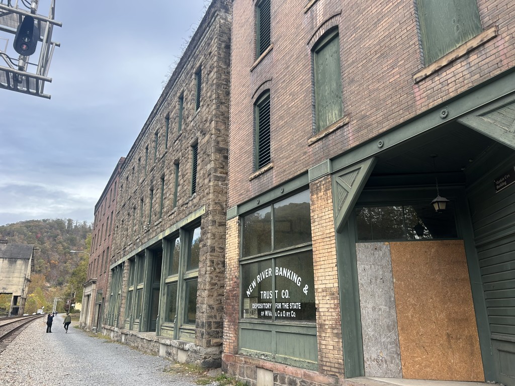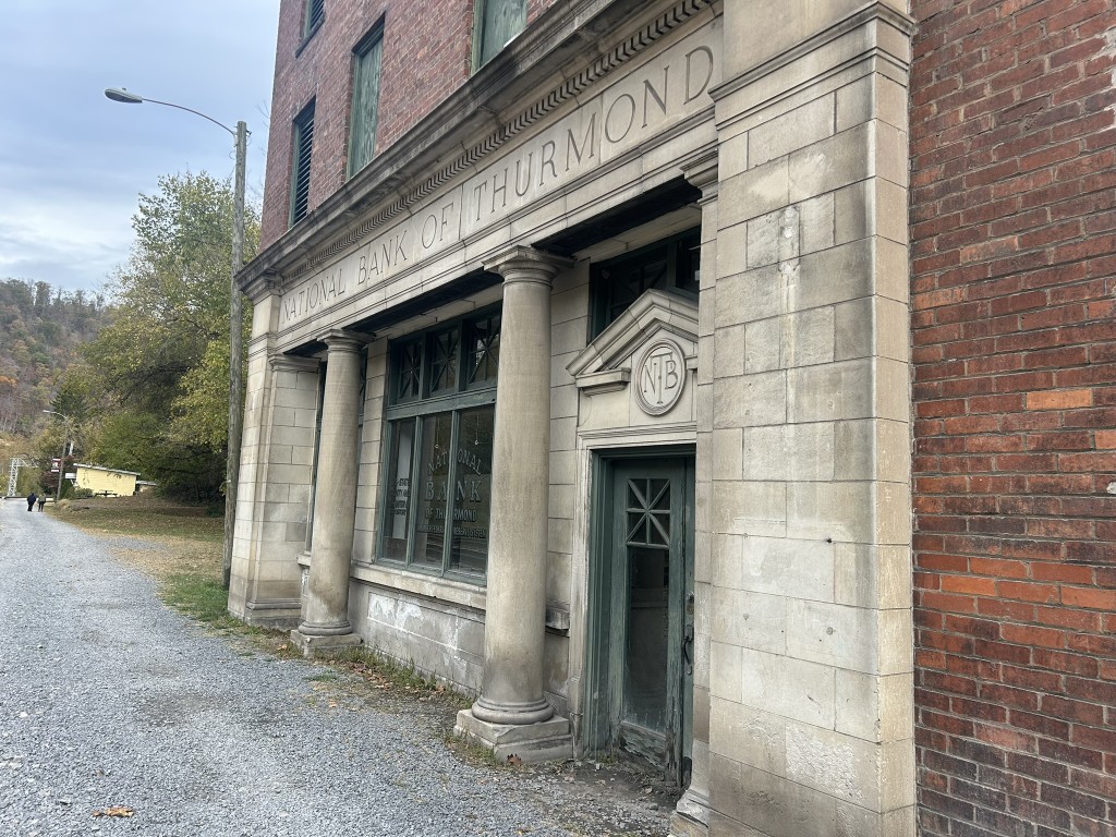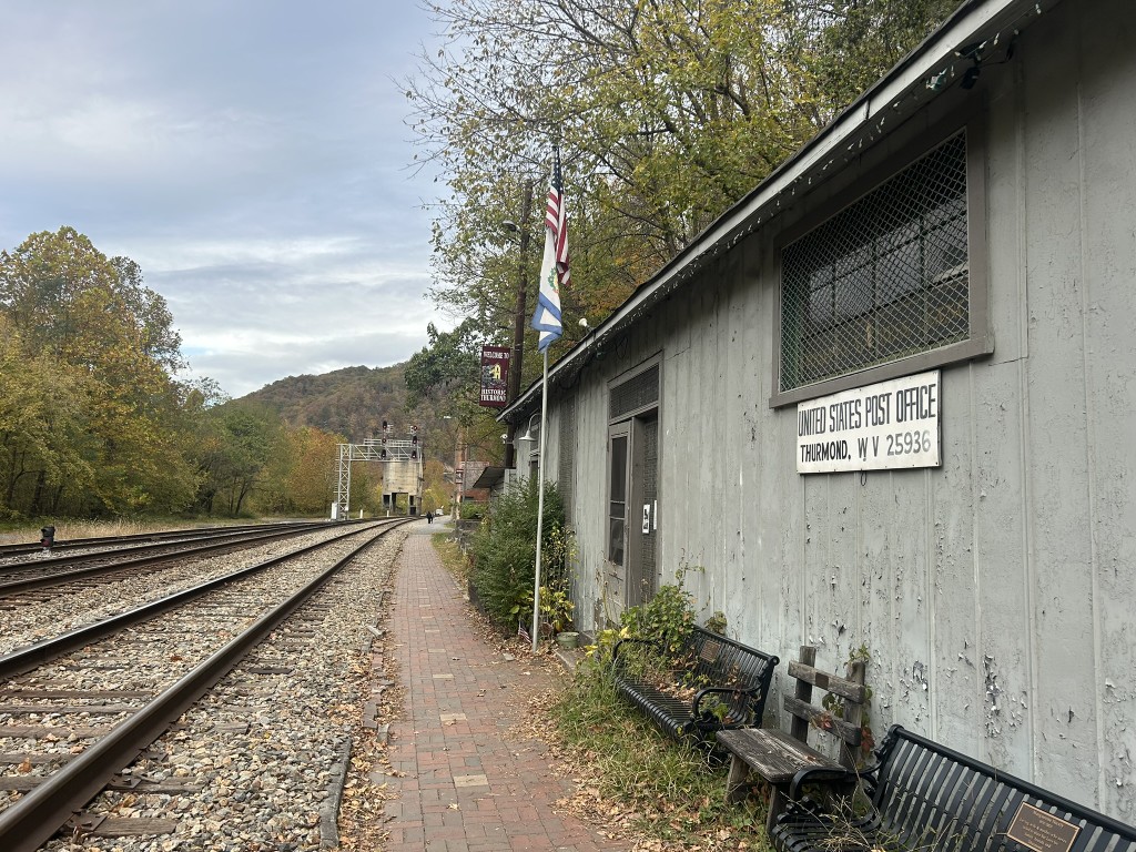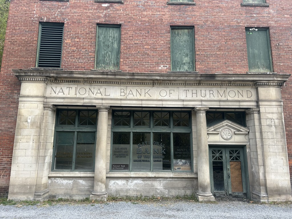 Thurmond, WV is a historic coal town located in the New River Gorge National Park and Preserve. It was once a bustling railroad and coal mining town but has since become a ghost town with several preserved buildings and a small museum. It technically has a population of 4 people that are looking to preserve the town’s history. The main street is lined with old buildings that once housed businesses, a hotel, and a train depot. Above the main street, you can see the remains of many old residences.
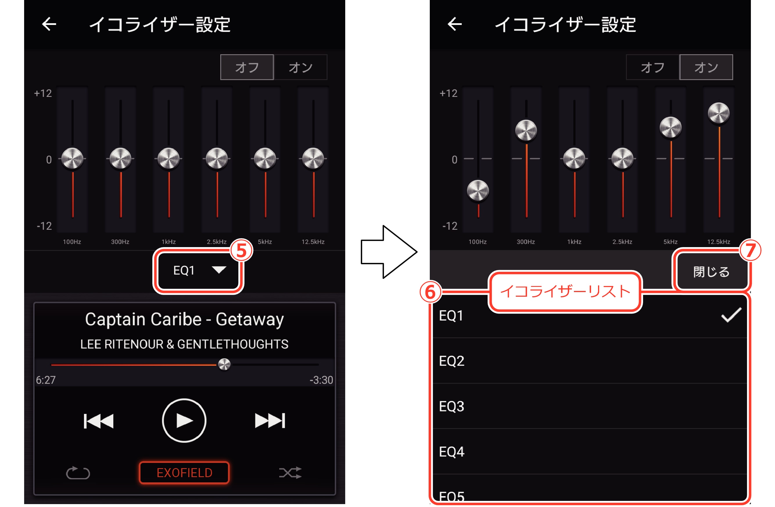 EXOFIELD効果のオン/オフによってイコライザーを使い分けると、それぞれに適した音質でお楽しみいただけます。
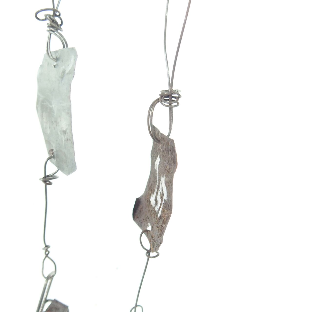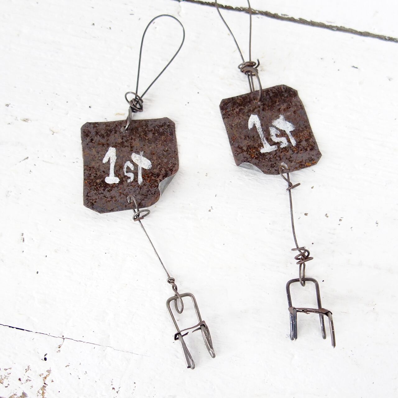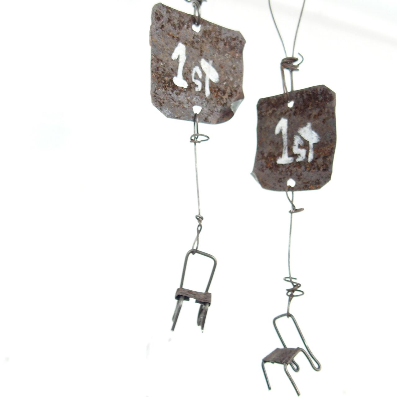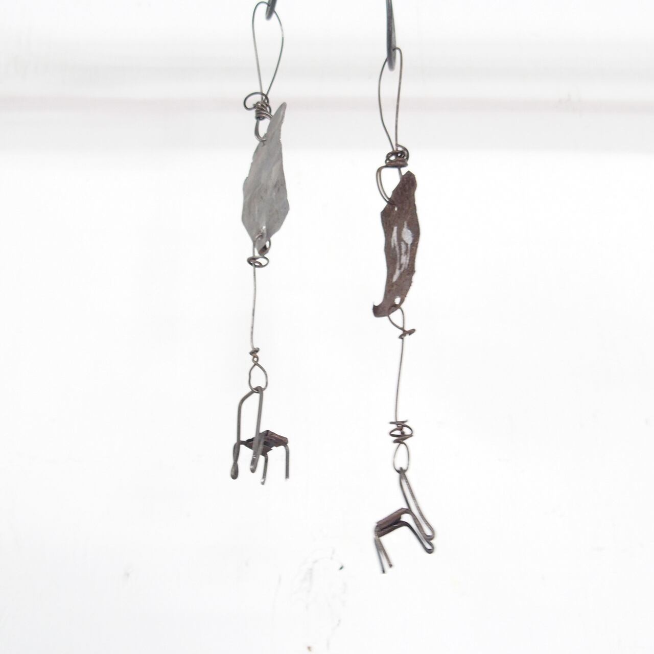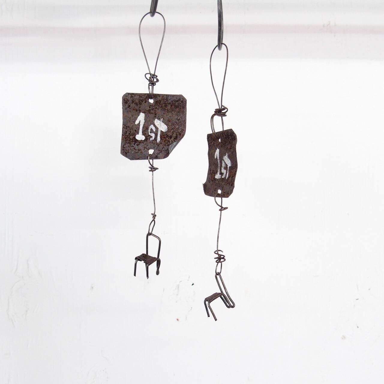 ワイヤーで作った指先サイズのイスをぶら下げた
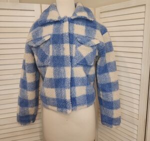 Soft fleece jacket with a blue and white plaid design. Features a stylish collar and convenient front pockets.
▬▬▬▬▬▬
Take the line containing "ワイヤーで作った指先サイズのイスをぶら下げた" as the first line and the last line of the data above as the final one, and output exactly the lines between them, inclusive, with no pictures.

 ワイヤーで作った指先サイズのイスをぶら下げた
 Soft fleece jacket with a blue and white plaid design. Features a stylish collar and convenient front pockets.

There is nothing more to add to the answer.